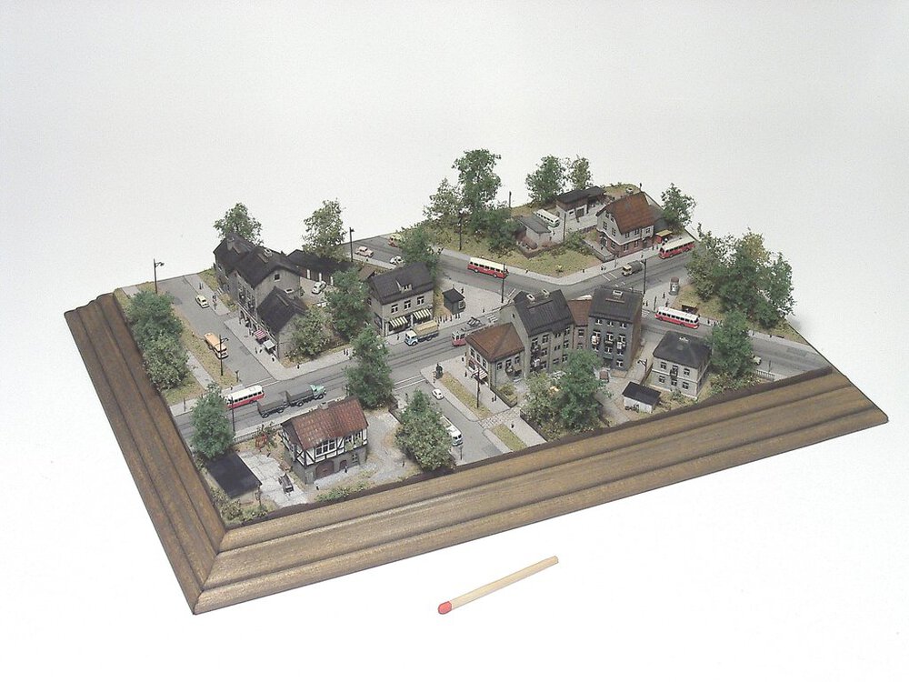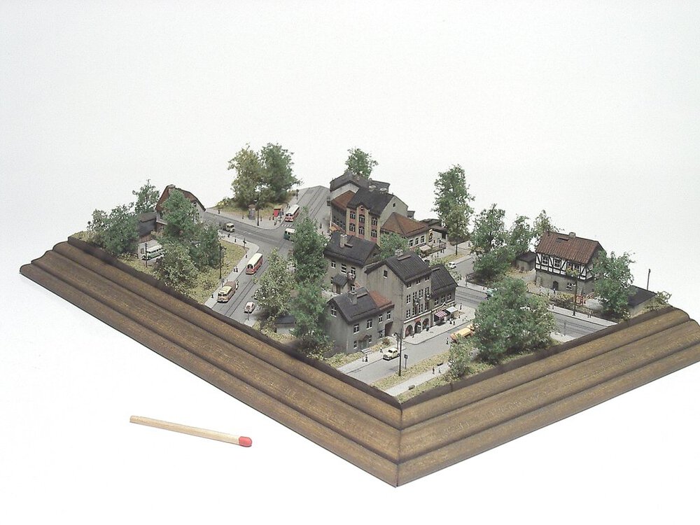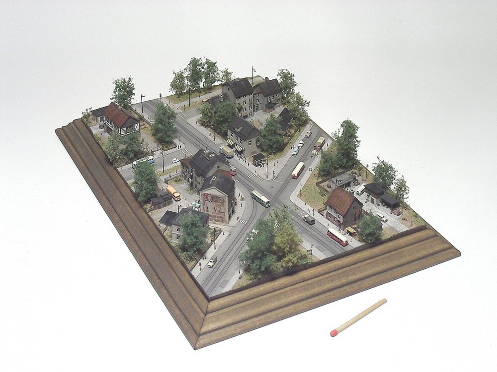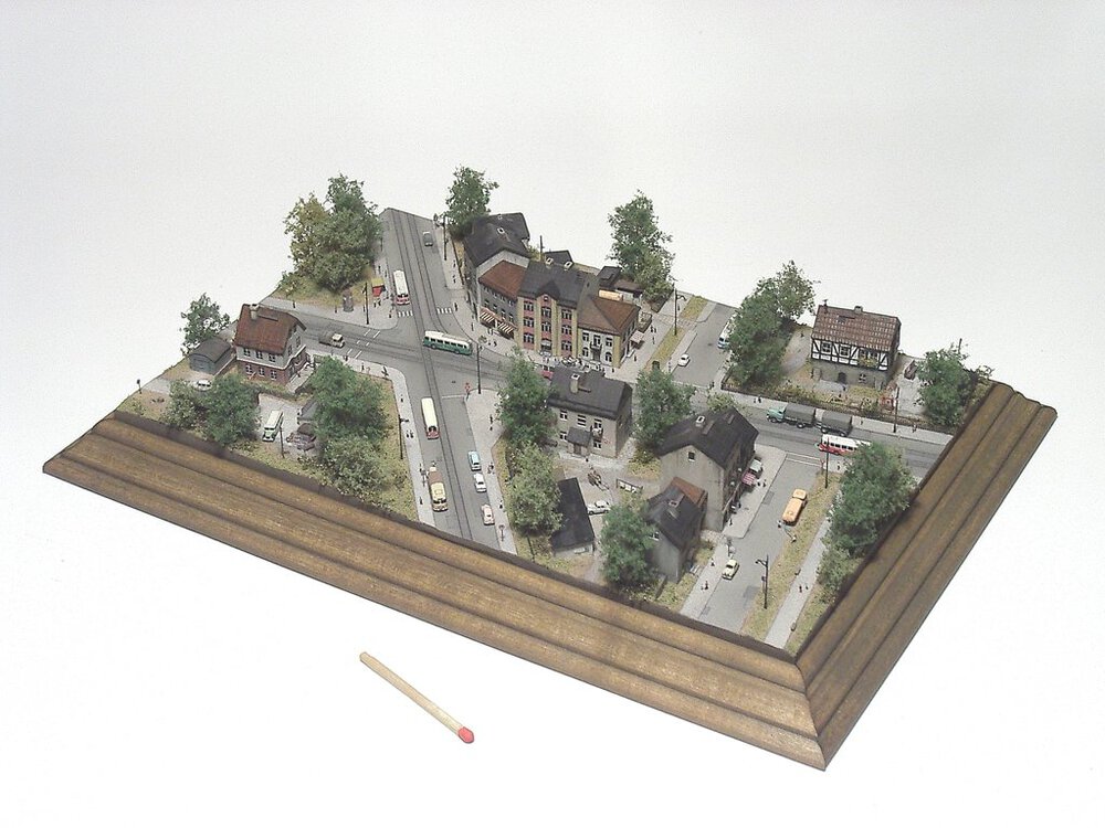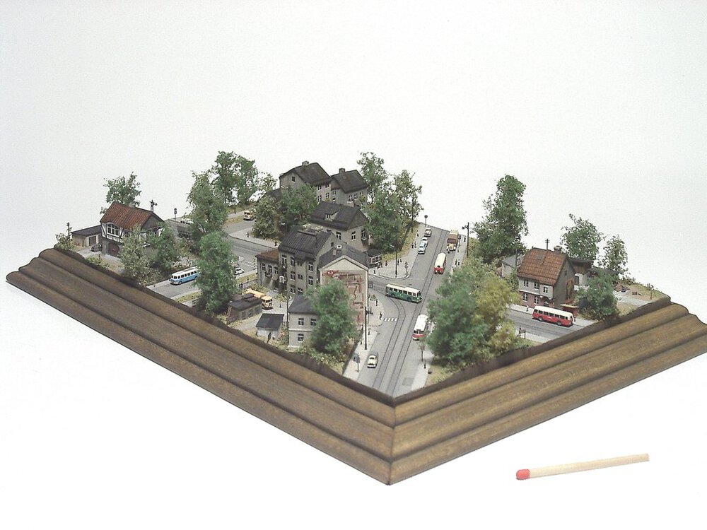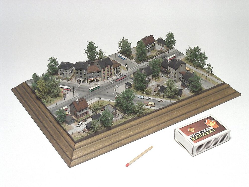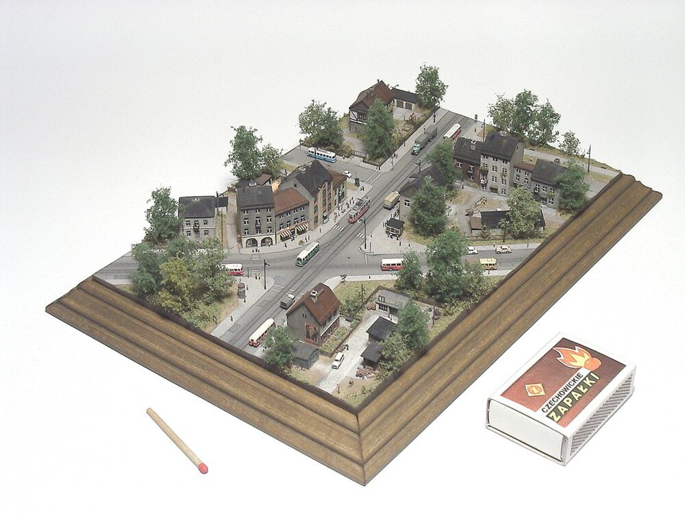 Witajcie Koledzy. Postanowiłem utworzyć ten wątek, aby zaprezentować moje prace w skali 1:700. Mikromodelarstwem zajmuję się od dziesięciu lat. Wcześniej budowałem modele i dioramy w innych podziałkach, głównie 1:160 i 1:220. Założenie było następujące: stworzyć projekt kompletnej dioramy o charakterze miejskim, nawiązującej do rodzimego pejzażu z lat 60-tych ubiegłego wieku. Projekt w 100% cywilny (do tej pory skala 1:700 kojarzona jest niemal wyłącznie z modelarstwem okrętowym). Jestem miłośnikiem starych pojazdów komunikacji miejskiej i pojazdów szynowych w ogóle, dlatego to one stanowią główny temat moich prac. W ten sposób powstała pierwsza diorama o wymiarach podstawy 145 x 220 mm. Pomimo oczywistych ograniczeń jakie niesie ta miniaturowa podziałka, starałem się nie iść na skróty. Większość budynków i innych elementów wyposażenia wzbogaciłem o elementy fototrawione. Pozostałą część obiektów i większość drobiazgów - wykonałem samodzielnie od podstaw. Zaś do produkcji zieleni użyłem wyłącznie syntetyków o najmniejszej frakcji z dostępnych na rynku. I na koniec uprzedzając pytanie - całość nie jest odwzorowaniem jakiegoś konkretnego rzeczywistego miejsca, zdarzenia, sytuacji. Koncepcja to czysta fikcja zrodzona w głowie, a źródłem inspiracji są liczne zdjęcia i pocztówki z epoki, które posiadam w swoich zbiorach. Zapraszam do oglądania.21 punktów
* * *
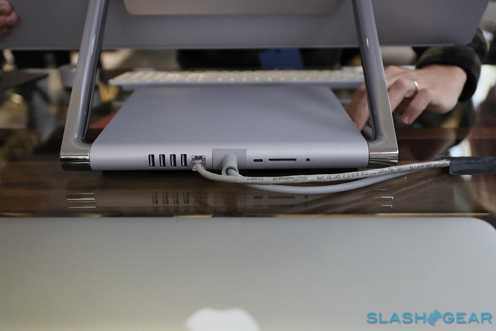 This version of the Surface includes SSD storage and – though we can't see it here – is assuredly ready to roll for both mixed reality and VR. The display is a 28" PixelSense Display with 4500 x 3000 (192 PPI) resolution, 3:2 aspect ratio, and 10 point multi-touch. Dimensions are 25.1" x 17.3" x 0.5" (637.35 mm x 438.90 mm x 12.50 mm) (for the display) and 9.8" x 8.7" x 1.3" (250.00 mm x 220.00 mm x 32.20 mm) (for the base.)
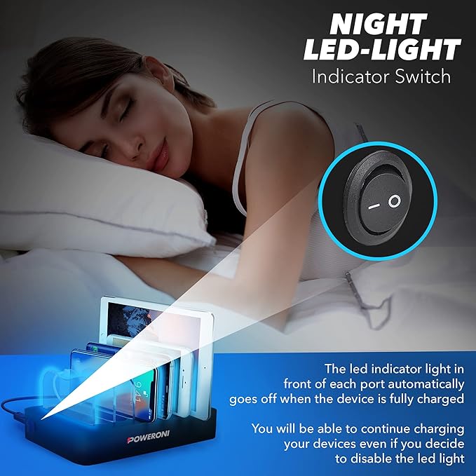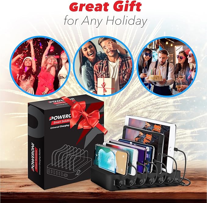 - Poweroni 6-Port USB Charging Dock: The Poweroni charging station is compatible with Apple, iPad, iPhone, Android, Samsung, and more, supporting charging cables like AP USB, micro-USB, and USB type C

ASSIGNMENT => Look above for the line with "This version of" and the line with "- Poweroni 6-Port", then copy exactly the lines from the first through the second, both kept, with no pictures.

RESPONSE TO THE TASK =>
 This version of the Surface includes SSD storage and – though we can't see it here – is assuredly ready to roll for both mixed reality and VR. The display is a 28" PixelSense Display with 4500 x 3000 (192 PPI) resolution, 3:2 aspect ratio, and 10 point multi-touch. Dimensions are 25.1" x 17.3" x 0.5" (637.35 mm x 438.90 mm x 12.50 mm) (for the display) and 9.8" x 8.7" x 1.3" (250.00 mm x 220.00 mm x 32.20 mm) (for the base.)
 - Poweroni 6-Port USB Charging Dock: The Poweroni charging station is compatible with Apple, iPad, iPhone, Android, Samsung, and more, supporting charging cables like AP USB, micro-USB, and USB type C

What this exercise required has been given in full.